» **Directions**: In the records below, repeat word for word only the lines starting at the one that contains "硕士毕业生代表刘嘉琪回望地科" and ending at the one that contains "విజయవాడలో అంగన్వాడీల అక్రమ", pictures excluded.

» **Data supplied**:
§
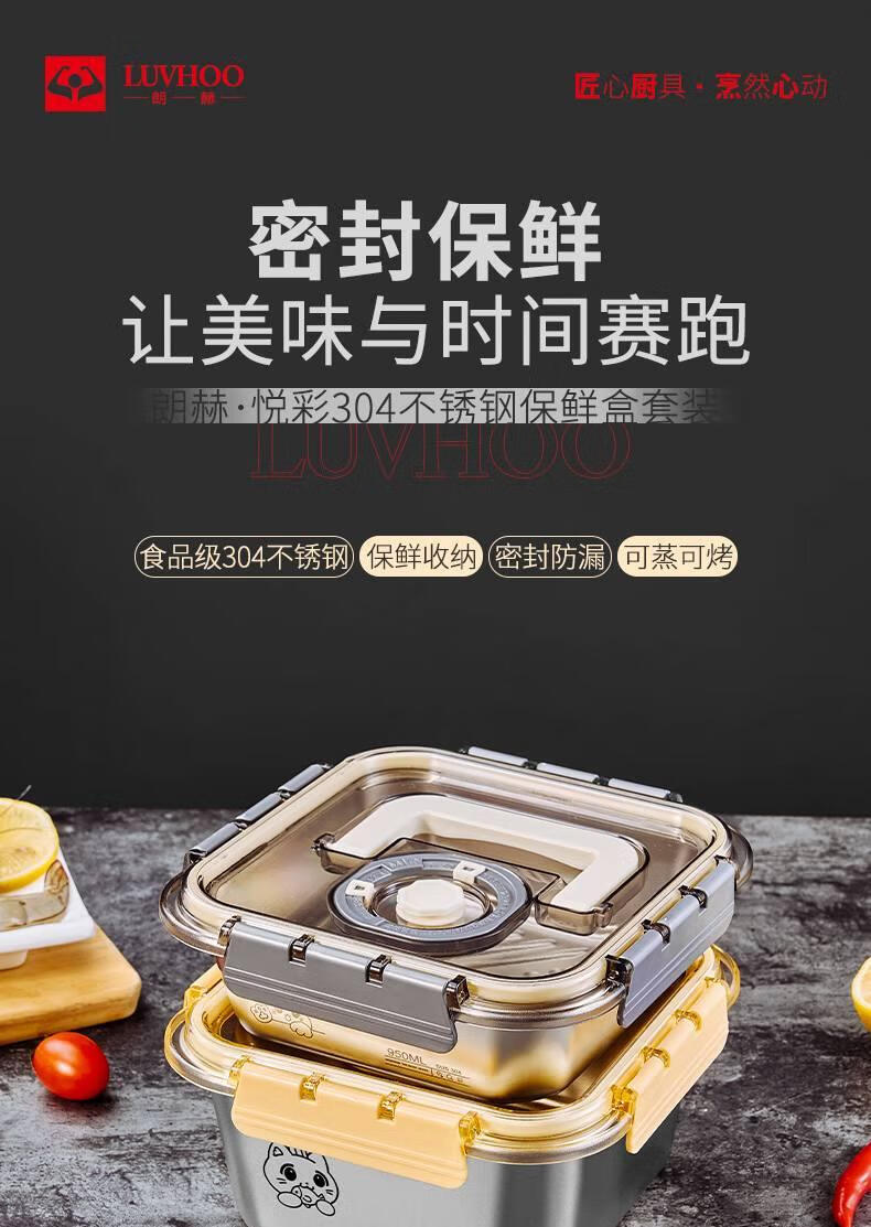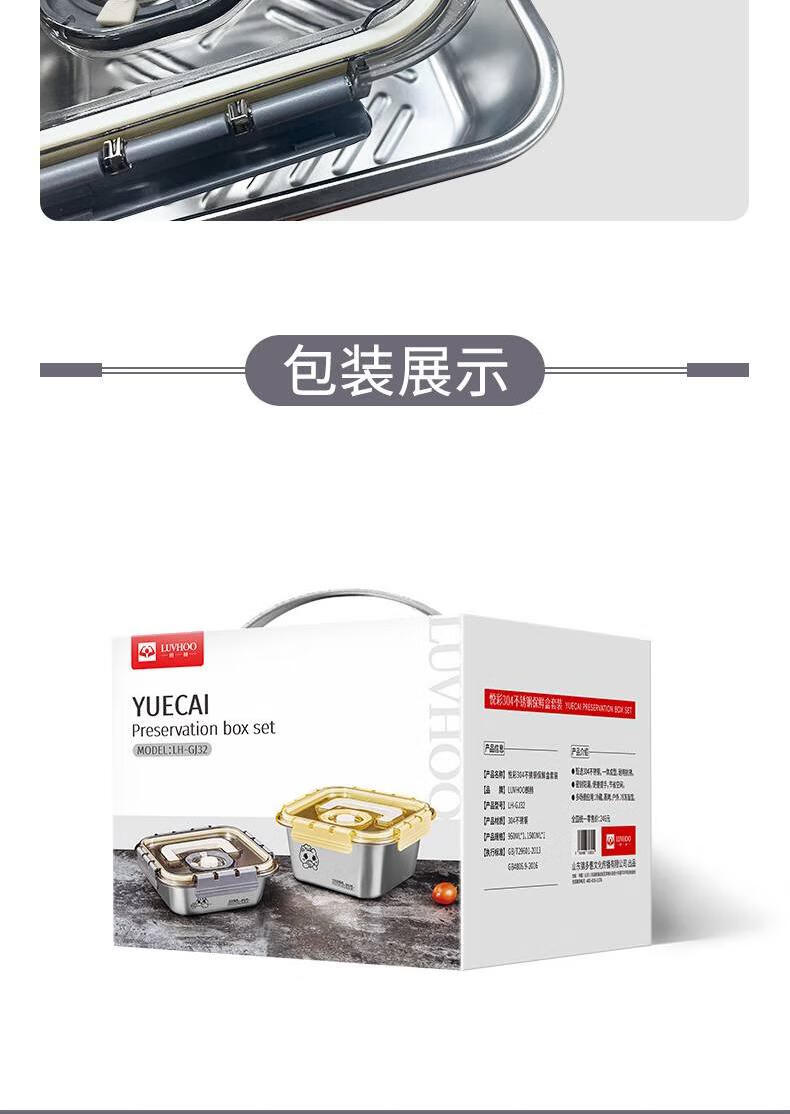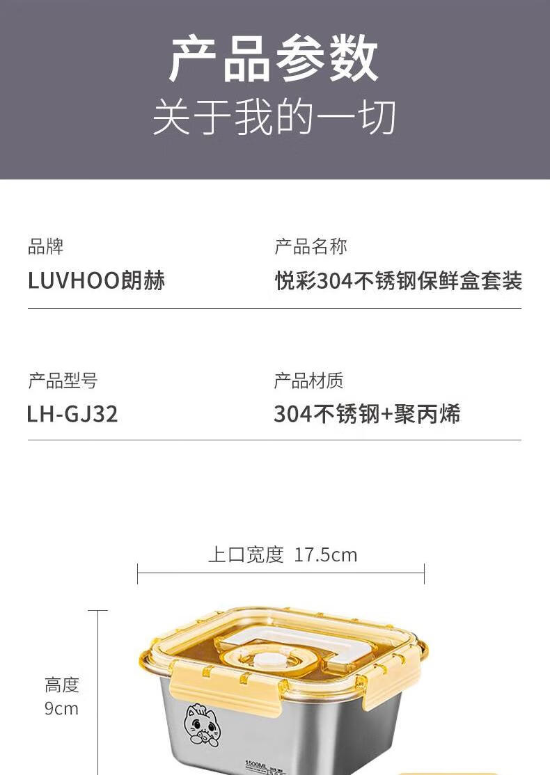 • 商品名称:LUVHOO悦彩304不锈钢保鲜盒套装LH-GJ32 LH-GJ32/套
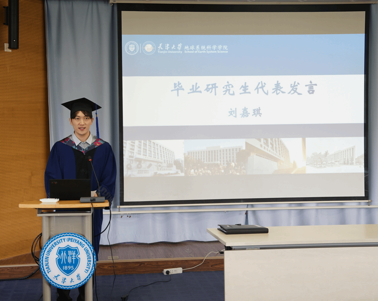 硕士毕业生代表刘嘉琪回望地科三年的求学时光:严谨专业的千锤百炼赋予他底气、携手奋斗的日月星辰给予他回忆、心系家国的使命担当赐予他光芒。他饱含真情地将毕业生比作一棵棵海棠,每个人都在学院的沃土上不断追寻智慧、锤炼思想、锻炼意志,完成了自己独特的生长与绽放。
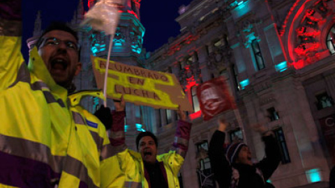 Entre pitidos y petardos, un centenar de empleados ha pedido la dimisión de la alcaldesa, Ana Botella, y le han lanzado un aviso: si las nuevas empresas adjudicatarias no cuentan con la actual plantilla "las uvas te las comes a oscuras".
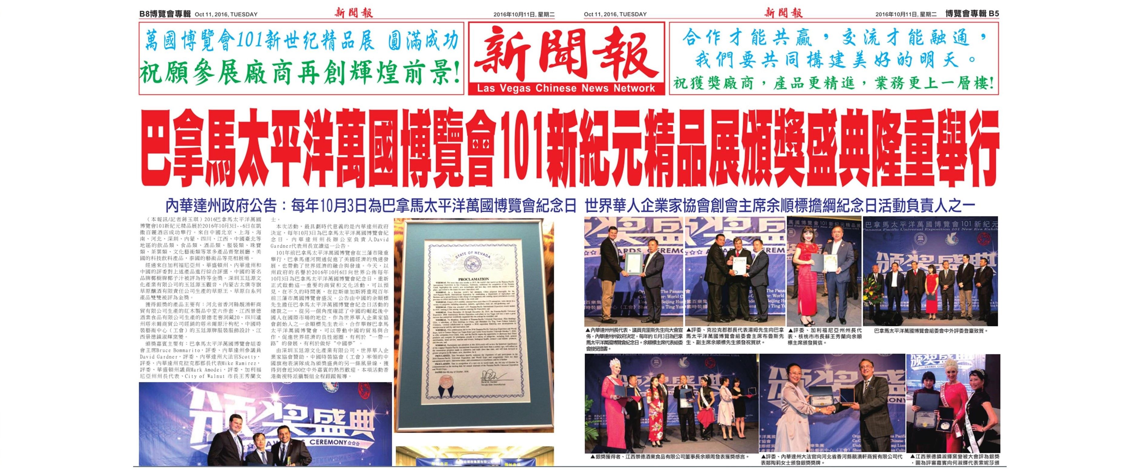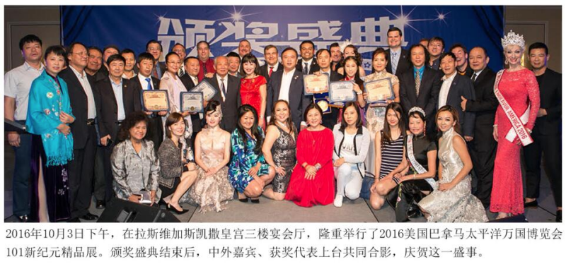 获奖时间:2016年12月23日,于2016年美国巴拿马万国博览会101精品展 颁奖地点:美国拉斯维加斯-凯撒百丽酒店
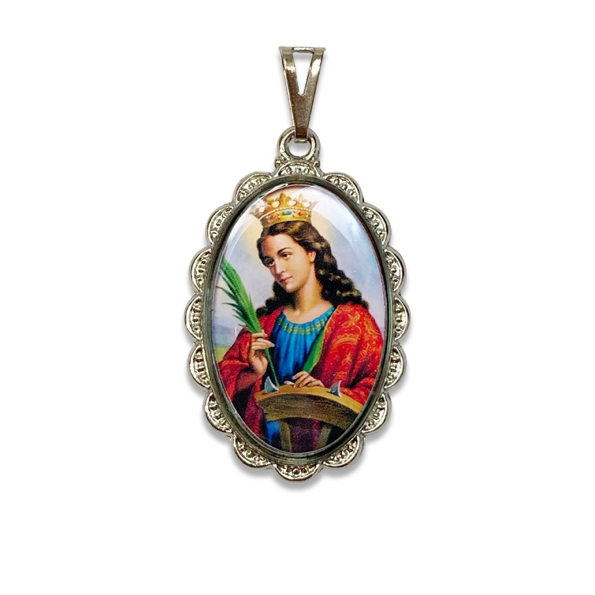 *Medalha Santa Catarina Rendada Níquel - 4,1x2,6cm.
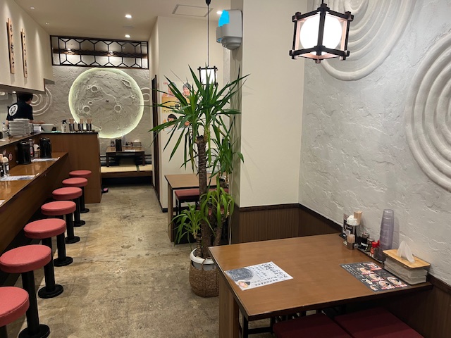 • 幻想的なライティング: 壁面に浮かび上がる月が優しく店内を照らし、まるで夜の静寂の中で食事をしているような、落ち着いた大人の雰囲気を演出しています。
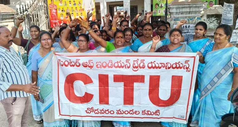 విజయవాడలో అంగన్వాడీల అక్రమ అరెస్టులకు నిరసనగా, మంగళవారం చోడవరంలో ఏపీ అంగన్వాడీ వర్కర్స్ యూనియన్ ఆధ్వర్యంలో నిరసన ర్యాలీ, మానవహారం చేపట్టారు. ఈ సందర్భంగా సిఐటియు జిల్లా కార్యదర్శి గూనూరు వరలక్ష్మి, అంగన్వాడీ యూనియన్ నాయకులు కొండమ్మ, రైతు సంఘం నాయకులు ఎస్ వి నాయుడులు మాట్లాడుతూ, అంగన్వాడీల సమస్యలు పరిష్కరించకుండా వారిపై నిర్బంధం ప్రయోగించి అక్రమంగా అరెస్టు చేయడాన్ని తీవ్రంగా ఖండించారు. అంగన్వాడీల సమస్యలను వెంటనే పరిష్కరించాలని వారు డిమాండ్ చేశారు.
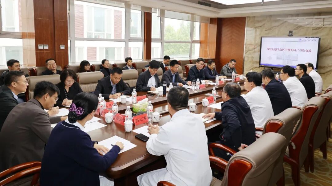 为加强区域间医疗卫生工作的交流与合作,共同提升医疗服务与管理水平,2025年10月16日下午,津南区卫健委、津南医院一行14人在津南区卫健委党委书记曹孔承带领下莅临我院进行学习交流。宝坻区卫健委党委书记、主任李培森,副主任王喜、李光耀和委党委办公室、医政医管科负责人参加。我院党委书记王文志,院长门学博,党委副书记、副院长吴秀春,副院长苏红军、赵鸿杰、段少华及相关职能处室负责人参加座谈交流。
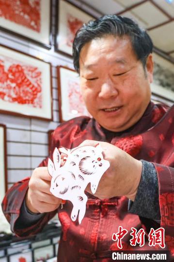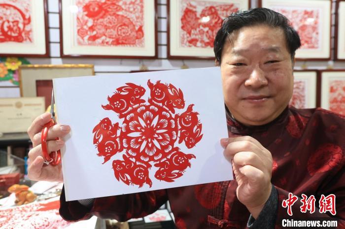 南京市工藝美術(shù)大師、非遺剪紙傳承人陳耀展示他創(chuàng)作的兔年剪紙作品。泱波 攝
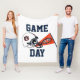 This cozy blanket proudly showcases support for Auburn University on game day! It features a classic football helmet with the iconic blue "AU" logo, centered between the words "GAME" and "DAY" in bold blue lettering. A vibrant orange pennant extends from behind the helmet, proudly displaying a stylized tiger mascot face and the word "TIGERS." This impactful and recognizable design is ideal for staying warm while cheering on the Auburn Tigers, whether at home or at the stadium.
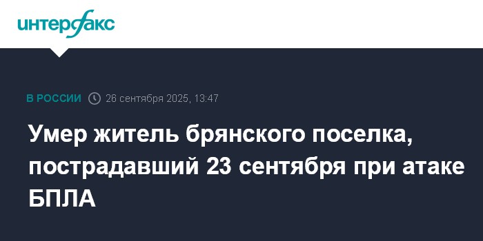 Москва. 26 сентября. INTERFAX.RU - Губернатор Брянской области Александр Богомаз сообщил о кончине местного жителя, получившего ранения в результате атаки беспилотников 23 сентября.
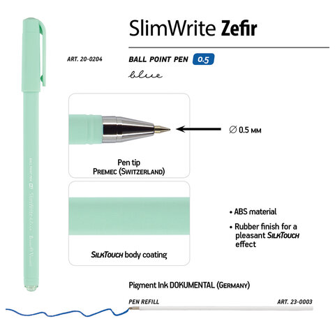 Ручка шариковая BRUNO VISCONTI "SlimWrite", "Zefir", СИНЯЯ, корпус ассорти, узел 0,5 мм, линия письма 0,3 мм, 20-0204, 24шт.#S
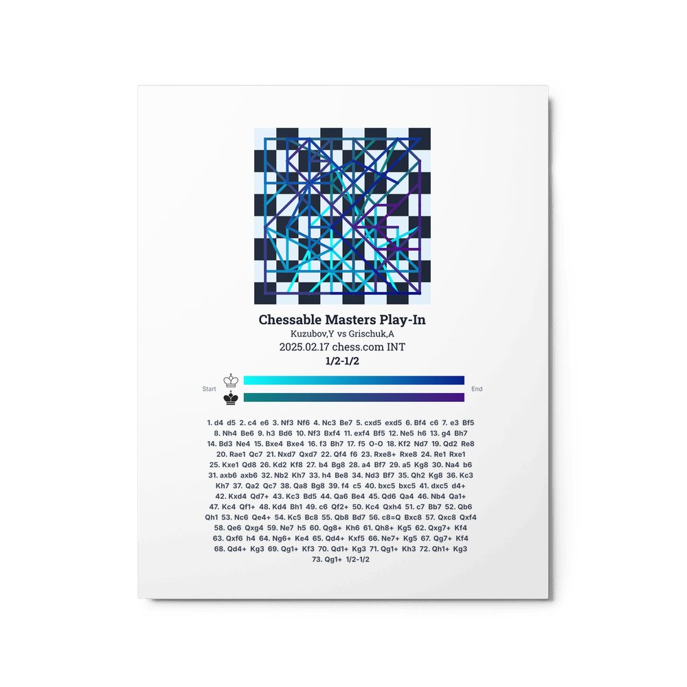 Museum-quality poster on thick, durable matte paper. A sharp, clean look for any chess visualisation.
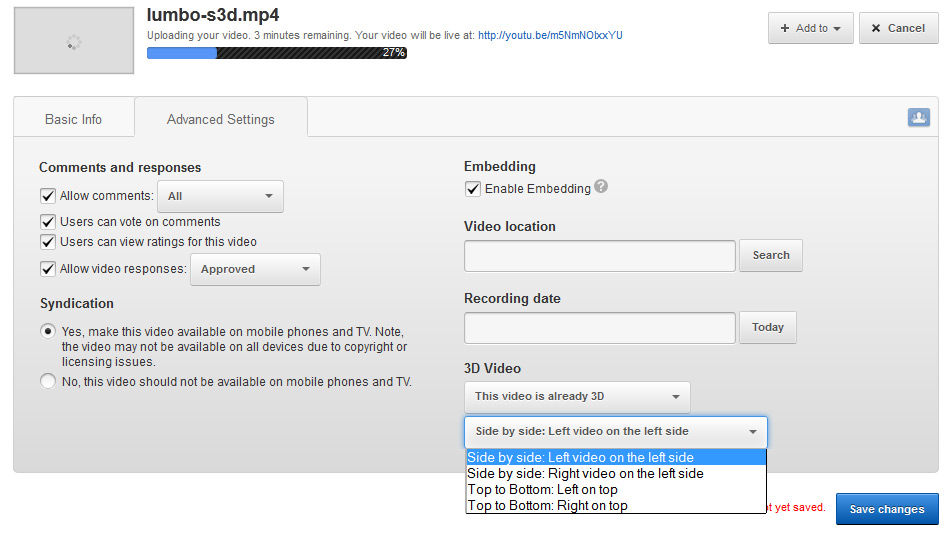 - 上傳影片時,請點擊“進階設定”按鈕,然後從“此影片已經是 3D”中選擇“此影片已經是 XNUMXD” 3D 影片選擇列表。
§
» **Written answer**:
 硕士毕业生代表刘嘉琪回望地科三年的求学时光:严谨专业的千锤百炼赋予他底气、携手奋斗的日月星辰给予他回忆、心系家国的使命担当赐予他光芒。他饱含真情地将毕业生比作一棵棵海棠,每个人都在学院的沃土上不断追寻智慧、锤炼思想、锻炼意志,完成了自己独特的生长与绽放。
 Entre pitidos y petardos, un centenar de empleados ha pedido la dimisión de la alcaldesa, Ana Botella, y le han lanzado un aviso: si las nuevas empresas adjudicatarias no cuentan con la actual plantilla "las uvas te las comes a oscuras".
 获奖时间:2016年12月23日,于2016年美国巴拿马万国博览会101精品展 颁奖地点:美国拉斯维加斯-凯撒百丽酒店
 *Medalha Santa Catarina Rendada Níquel - 4,1x2,6cm.
 • 幻想的なライティング: 壁面に浮かび上がる月が優しく店内を照らし、まるで夜の静寂の中で食事をしているような、落ち着いた大人の雰囲気を演出しています。
 విజయవాడలో అంగన్వాడీల అక్రమ అరెస్టులకు నిరసనగా, మంగళవారం చోడవరంలో ఏపీ అంగన్వాడీ వర్కర్స్ యూనియన్ ఆధ్వర్యంలో నిరసన ర్యాలీ, మానవహారం చేపట్టారు. ఈ సందర్భంగా సిఐటియు జిల్లా కార్యదర్శి గూనూరు వరలక్ష్మి, అంగన్వాడీ యూనియన్ నాయకులు కొండమ్మ, రైతు సంఘం నాయకులు ఎస్ వి నాయుడులు మాట్లాడుతూ, అంగన్వాడీల సమస్యలు పరిష్కరించకుండా వారిపై నిర్బంధం ప్రయోగించి అక్రమంగా అరెస్టు చేయడాన్ని తీవ్రంగా ఖండించారు. అంగన్వాడీల సమస్యలను వెంటనే పరిష్కరించాలని వారు డిమాండ్ చేశారు.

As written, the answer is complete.